◆ **Task brief**: Retype, word for word, the line holding "Un moment un" and each line after it down to the end of the data; pictures are not copied.
(Data section begins)
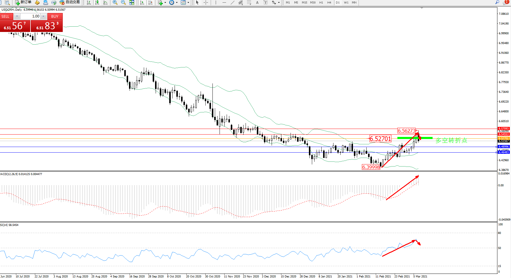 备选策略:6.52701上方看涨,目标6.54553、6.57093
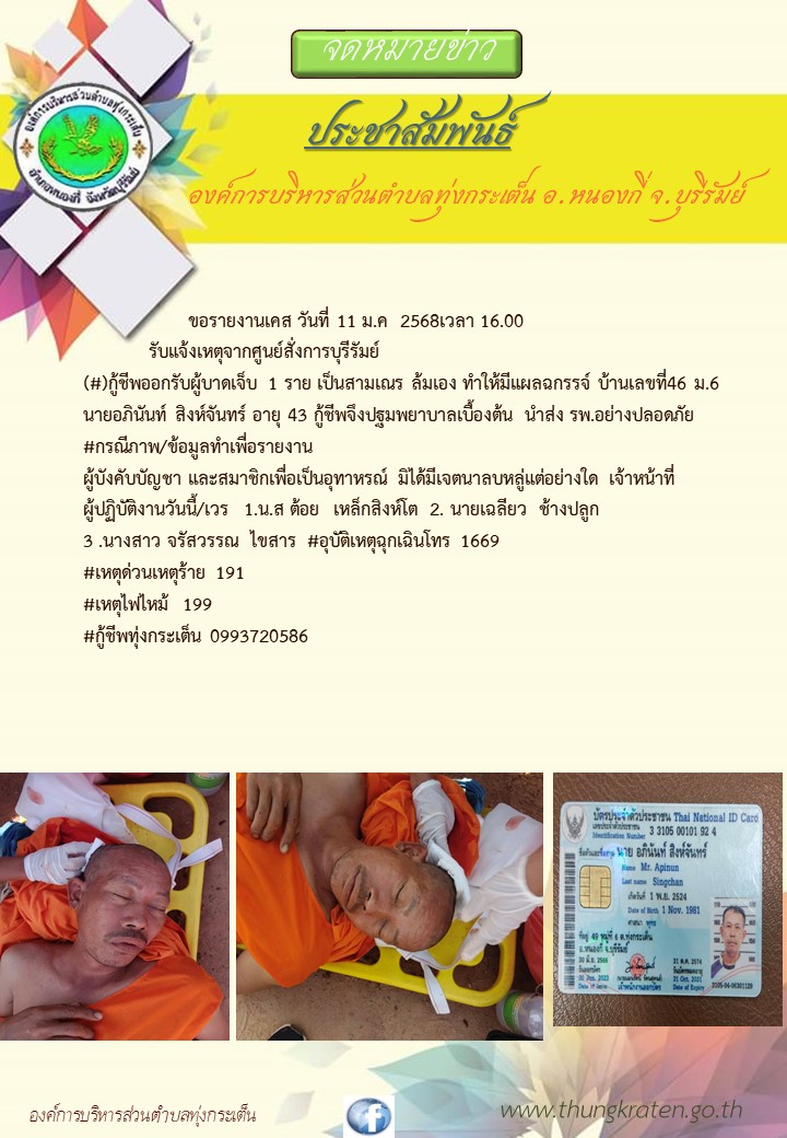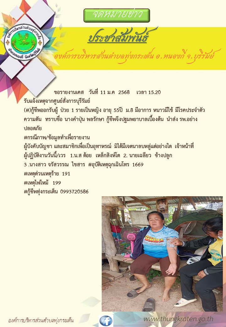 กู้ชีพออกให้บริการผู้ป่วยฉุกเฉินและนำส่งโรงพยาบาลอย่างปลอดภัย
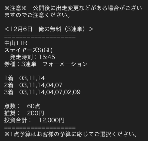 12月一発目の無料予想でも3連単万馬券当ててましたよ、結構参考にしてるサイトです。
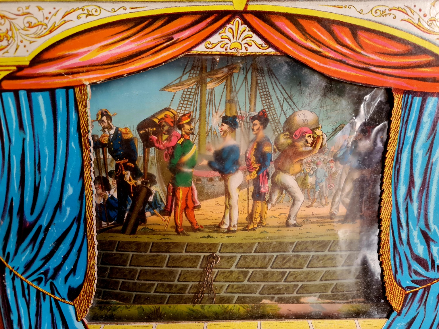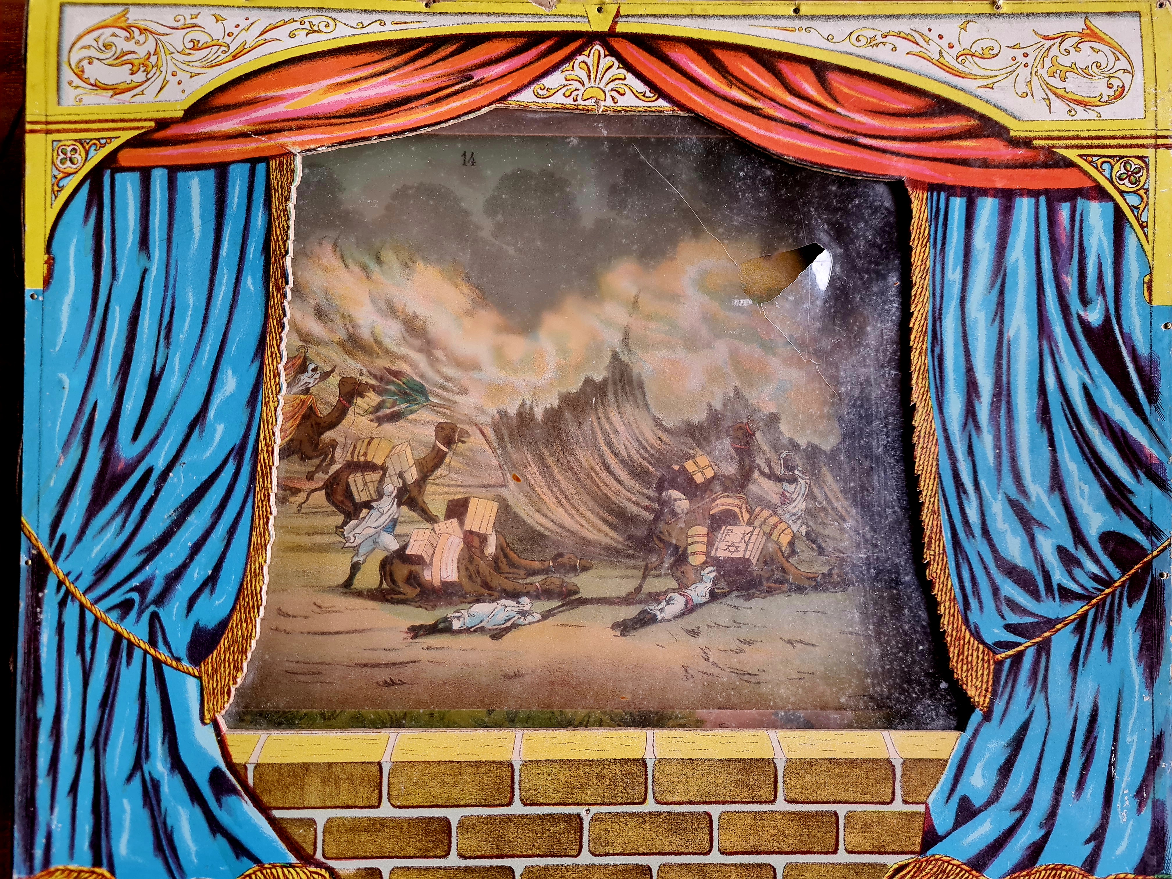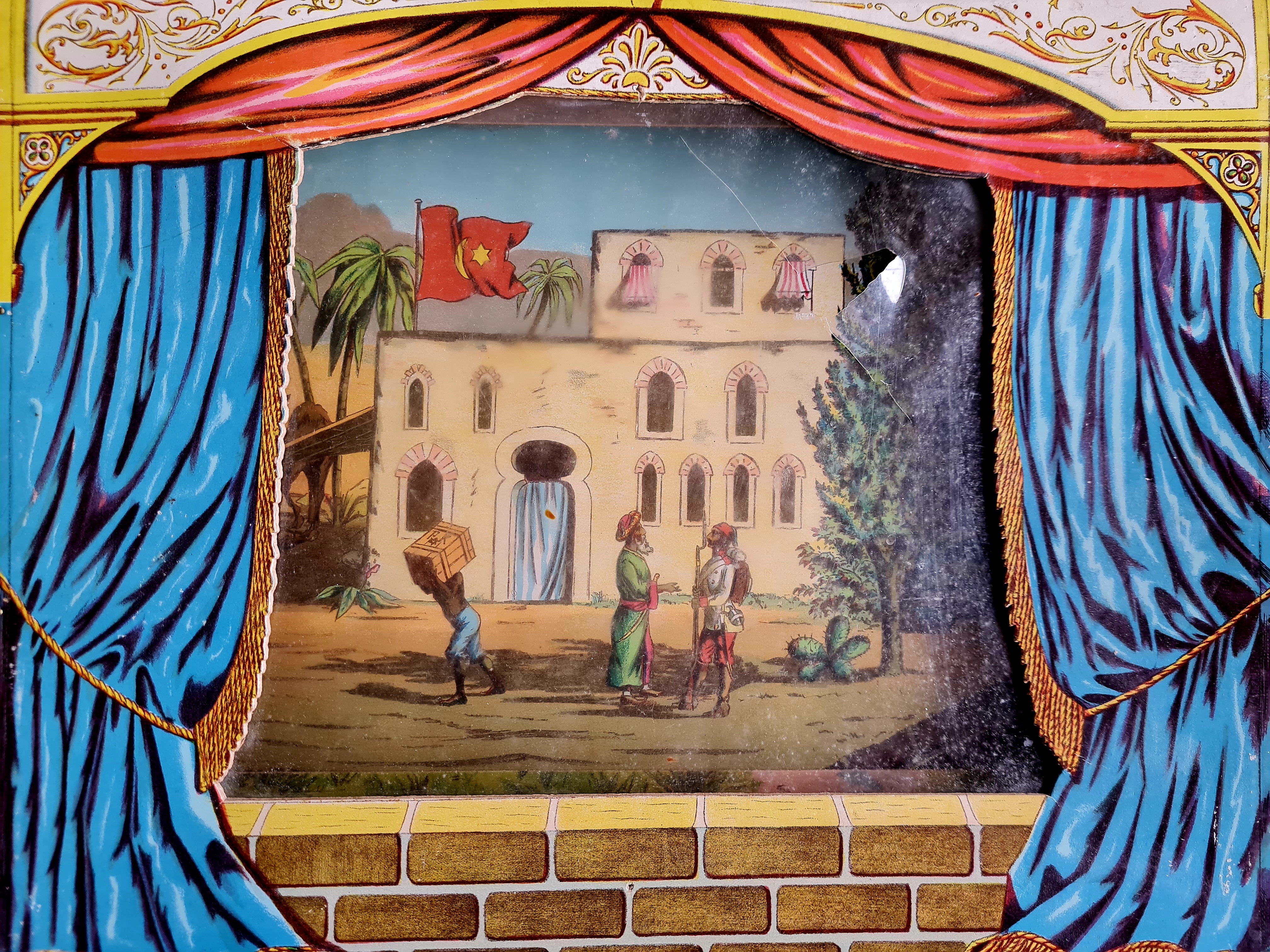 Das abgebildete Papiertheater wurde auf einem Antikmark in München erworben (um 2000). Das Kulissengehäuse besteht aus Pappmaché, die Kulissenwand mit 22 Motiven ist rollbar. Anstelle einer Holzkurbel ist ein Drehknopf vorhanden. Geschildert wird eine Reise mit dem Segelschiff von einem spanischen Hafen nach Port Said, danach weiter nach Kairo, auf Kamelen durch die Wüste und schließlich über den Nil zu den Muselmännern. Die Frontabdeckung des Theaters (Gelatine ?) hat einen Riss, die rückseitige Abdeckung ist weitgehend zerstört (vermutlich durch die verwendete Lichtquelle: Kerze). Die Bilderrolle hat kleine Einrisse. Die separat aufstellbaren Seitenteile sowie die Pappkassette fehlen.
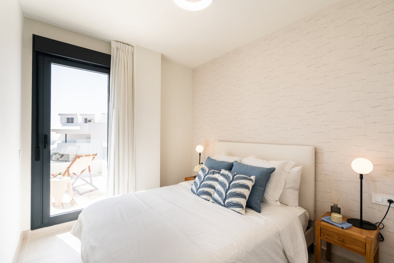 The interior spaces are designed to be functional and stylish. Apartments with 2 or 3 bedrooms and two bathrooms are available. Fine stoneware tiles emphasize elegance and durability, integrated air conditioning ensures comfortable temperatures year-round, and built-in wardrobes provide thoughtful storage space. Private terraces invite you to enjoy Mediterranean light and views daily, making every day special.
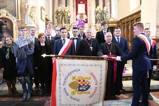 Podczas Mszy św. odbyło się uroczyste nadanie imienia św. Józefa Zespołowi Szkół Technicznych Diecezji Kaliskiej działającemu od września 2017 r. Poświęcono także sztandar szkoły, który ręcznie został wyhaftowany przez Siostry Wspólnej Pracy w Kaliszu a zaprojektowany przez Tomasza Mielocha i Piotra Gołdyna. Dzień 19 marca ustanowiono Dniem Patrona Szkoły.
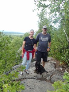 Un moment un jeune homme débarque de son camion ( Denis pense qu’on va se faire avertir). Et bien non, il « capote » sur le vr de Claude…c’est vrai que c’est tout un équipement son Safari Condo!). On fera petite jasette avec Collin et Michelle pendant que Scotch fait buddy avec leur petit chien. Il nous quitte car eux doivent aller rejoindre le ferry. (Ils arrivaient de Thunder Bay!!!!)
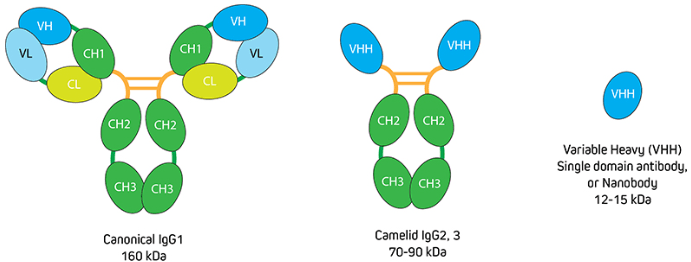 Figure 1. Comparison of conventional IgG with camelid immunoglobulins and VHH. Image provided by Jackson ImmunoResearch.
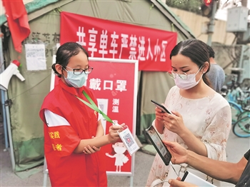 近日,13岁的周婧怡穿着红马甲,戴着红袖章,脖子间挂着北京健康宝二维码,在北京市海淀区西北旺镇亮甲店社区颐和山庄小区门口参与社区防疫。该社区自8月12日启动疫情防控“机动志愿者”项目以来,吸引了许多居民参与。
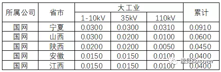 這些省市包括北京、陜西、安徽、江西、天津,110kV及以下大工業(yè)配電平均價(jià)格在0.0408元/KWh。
(Data section ends)
◆ **Expected answer**:
 Un moment un jeune homme débarque de son camion ( Denis pense qu’on va se faire avertir). Et bien non, il « capote » sur le vr de Claude…c’est vrai que c’est tout un équipement son Safari Condo!). On fera petite jasette avec Collin et Michelle pendant que Scotch fait buddy avec leur petit chien. Il nous quitte car eux doivent aller rejoindre le ferry. (Ils arrivaient de Thunder Bay!!!!)
 Figure 1. Comparison of conventional IgG with camelid immunoglobulins and VHH. Image provided by Jackson ImmunoResearch.
 近日,13岁的周婧怡穿着红马甲,戴着红袖章,脖子间挂着北京健康宝二维码,在北京市海淀区西北旺镇亮甲店社区颐和山庄小区门口参与社区防疫。该社区自8月12日启动疫情防控“机动志愿者”项目以来,吸引了许多居民参与。
 這些省市包括北京、陜西、安徽、江西、天津,110kV及以下大工業(yè)配電平均價(jià)格在0.0408元/KWh。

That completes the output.